Plus largement, la dette fait partie intégrante du capitalisme financiarisé d’aujourd’hui et reflète la façon dont s’opère le partage de la valeur ajoutée en son sein. Du côté des ménages, la dette est un palliatif pour ceux qui voient leur pouvoir d’achat stagner, voire baisser. Du côté des entreprises, elle est un puissant levier permettant d’accroître le rendement des actionnaires, d’autant que rien ne vient les en décourager, la déductibilité des intérêts d’emprunts incitant les entreprises à préférer la dette aux fonds propres (7).

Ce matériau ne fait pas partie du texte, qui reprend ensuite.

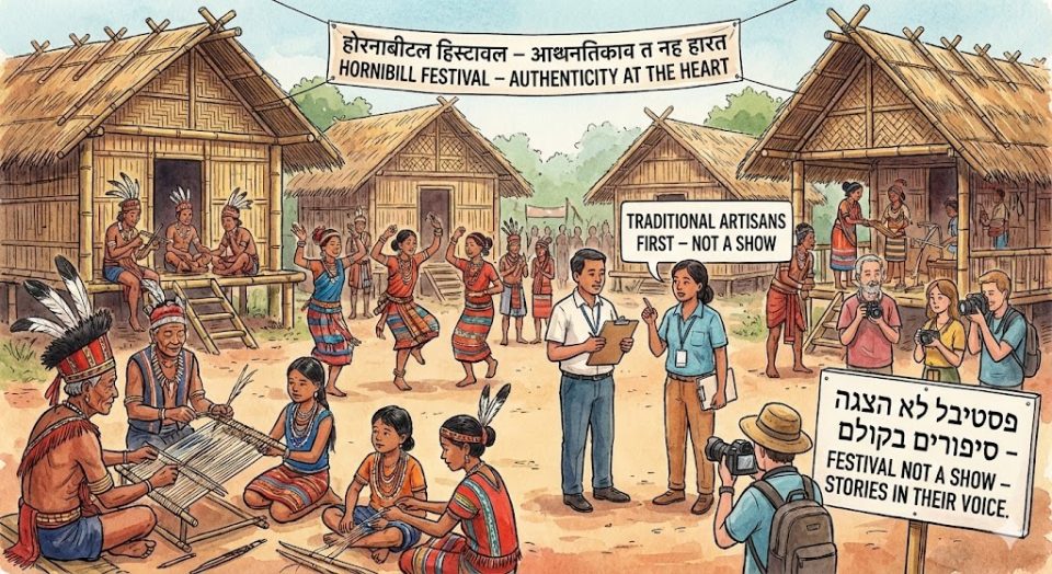 אחד האתגרים הבולטים העומדים כיום בפני פסטיבלים מסורתיים במזרח הודו הוא מציאת האיזון בין הרצון לשמר אותנטיות עמוקה לבין הלחצים הנוצרים מתיירות גוברת. פסטיבל ההורנביל, שהפך לאירוע בינלאומי רב־משתתפים, אינו יוצא מן הכלל. הצלחתו התיירותית מביאה עמה ברכה כלכלית – אך גם שאלה מורכבת: כיצד ניתן לשמור על טקסים עתיקים, מלאכות יד ושפת הגוף השבטית, מבלי שאלה ייהפכו למופע לצורכי תיירות בלבד?
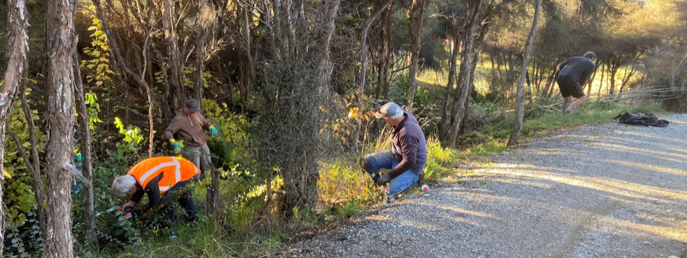 Community members removing weed species near the Albert Town Lagoon at a monthly working bee for Upper Clutha Wilding Tree Group volunteers
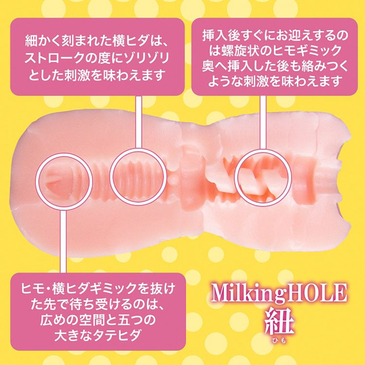 極細の内部構造でしっかりと締め付ける 螺旋状の紐が激しく絡みつく紐ギミックを採用した非貫通タイプのオナホール「ミルキングホール 紐[ヒモ]」!挿入口は幾多のテイスティングを繰り返してスムーズな挿入と適度な締め付け感を実現。全体に刻まれた表面のモールドは激しいピストンでも手滑りすることなくフィニッシュまで到達することができます。内部構造は挿入口のローション溜まりを越えた先にあるこのホールのキモである螺旋状の紐ギミックが竿に絡みつきヌルヌルとした快感を与え、その奥にある細かく刻まれた横ヒダはゾリゾリと亀頭を擦りつけてしっかりとした刺激を与えます。最奥に待ち受けるのは広めの空間に施された5本のタテヒダで、先っぽをチロチロと舐めるように舐ります。非貫通タイプの長所であるバキューム効果と確実に精子を搾り取るように設計された搾精(ミルキング)構造の併せ技で、絶頂への最短経路を突き進むこと間違いなしです!

Cet endettement privé massif rend les acteurs vulnérables à la remontée des taux d’intérêt. Or toutes les grandes banques centrales, hormis la Banque du Japon, ont soit entamé la normalisation de leur politique monétaire (Fed, BoE), soit communiqué sur leur intention de le faire prochainement. La Banque centrale européenne, qui a annoncé qu’elle cesserait son quantitative easing à partir de la fin d’année 2018, devra comme la Fed procéder lentement, pour éviter des chocs brutaux, mais elle devra bel et bien normaliser sa politique monétaire. Car là encore, maintenir durablement les taux à un niveau très bas ne ferait qu’alimenter la formation de bulles. Dur labeur que celui des banques centrales, semblable à celui d’un Sisyphe : gérer la crise d’avant contribue à préparer celle d’après, si bien que la fin annoncée du programme mis en place pour gérer la crise passée, nous rapproche inévitablement de celui qu’il faudra mettre en place pour gérer celle à venir. Espérons qu’alors les banques centrales se résoudront à ce que leurs mesures de politiques monétaires soient systématiquement combinées à des mesures de tempérance du cycle financier (8).

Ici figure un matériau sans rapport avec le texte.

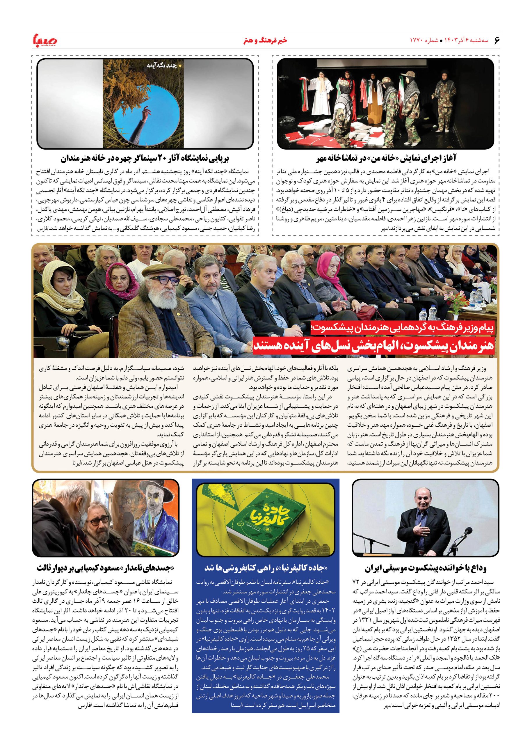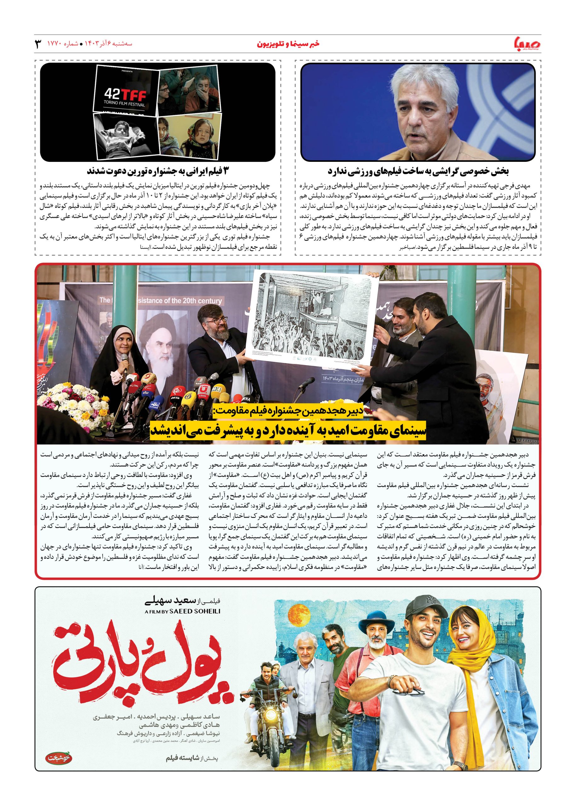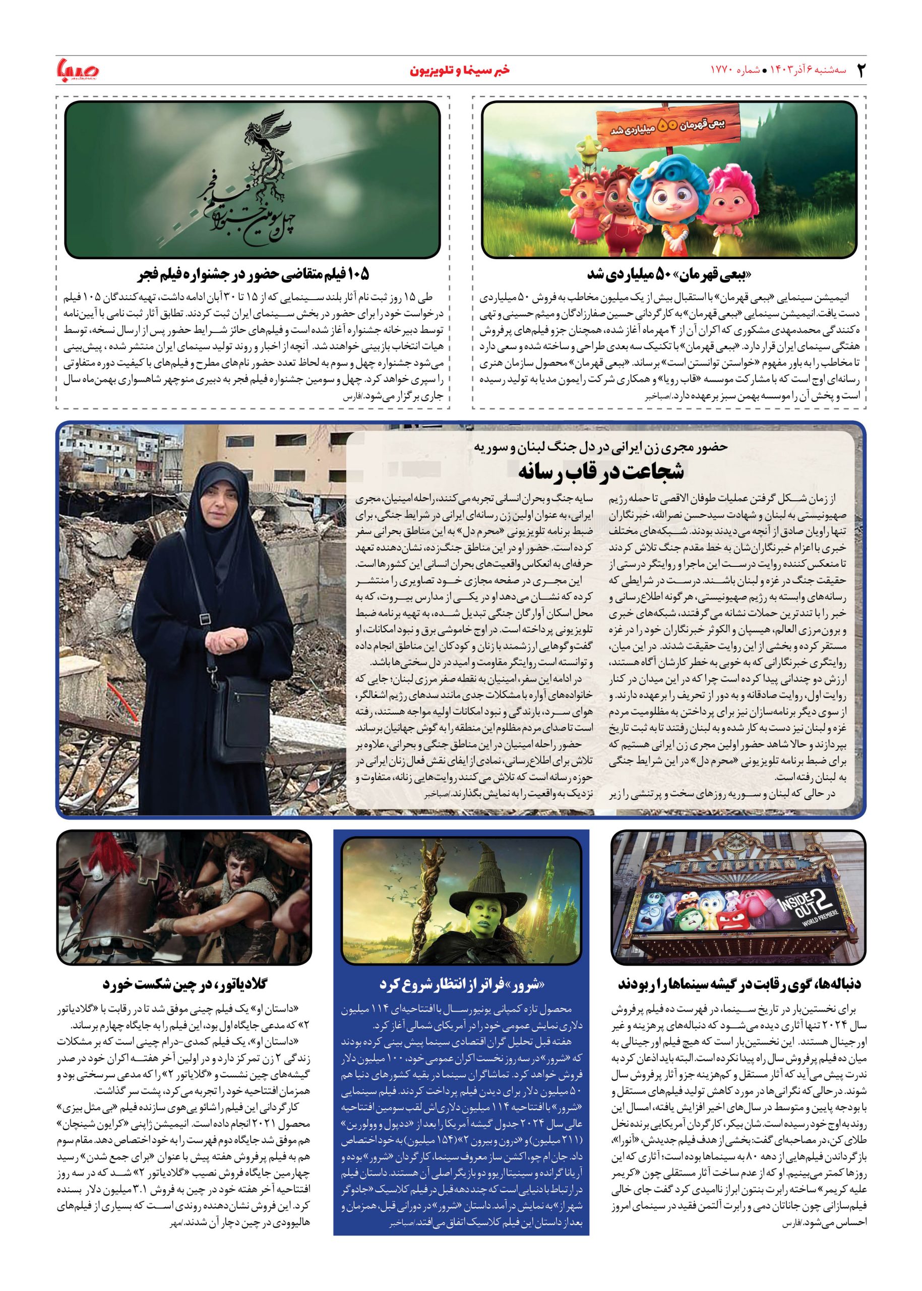 شماره ۱۷۷۰| روزنامه صبا سه شنبه ۶ آذر ۱۴۰۳

D’où viendra la prochaine crise financière ? On ne le sait pas et, comme à chaque fois, on sera vraisemblablement surpris de son épicentre. Deux choses sont sûres néanmoins. La première est que les zones de sismicité financière se situent à peu près partout dans le monde. L’indécision européenne, l’imprévisibilité américaine, l’affaiblissement des émergents, l’immensité des défis financiers, sociétaux, environnementaux que la Chine devra relever pour confirmer sa puissance, sont autant de catalyseurs possibles dans le contexte actuel car ils sont source de tensions et de déceptions. La deuxième est que la régulation du système financier international est loin d’avoir suffisamment progressé pour que le prochain choc financier puisse être encaissé sans dommage. À n’en pas douter toutefois, ses coûts seront toujours, à peu de choses près, aussi mal partagés. Ceux qui profitent des emballements financiers ne sont pas ceux qui pâtissent le plus du retournement. De quoi comprendre au fond que la volonté de faire progresser la régulation financière ne soit pas plus forte.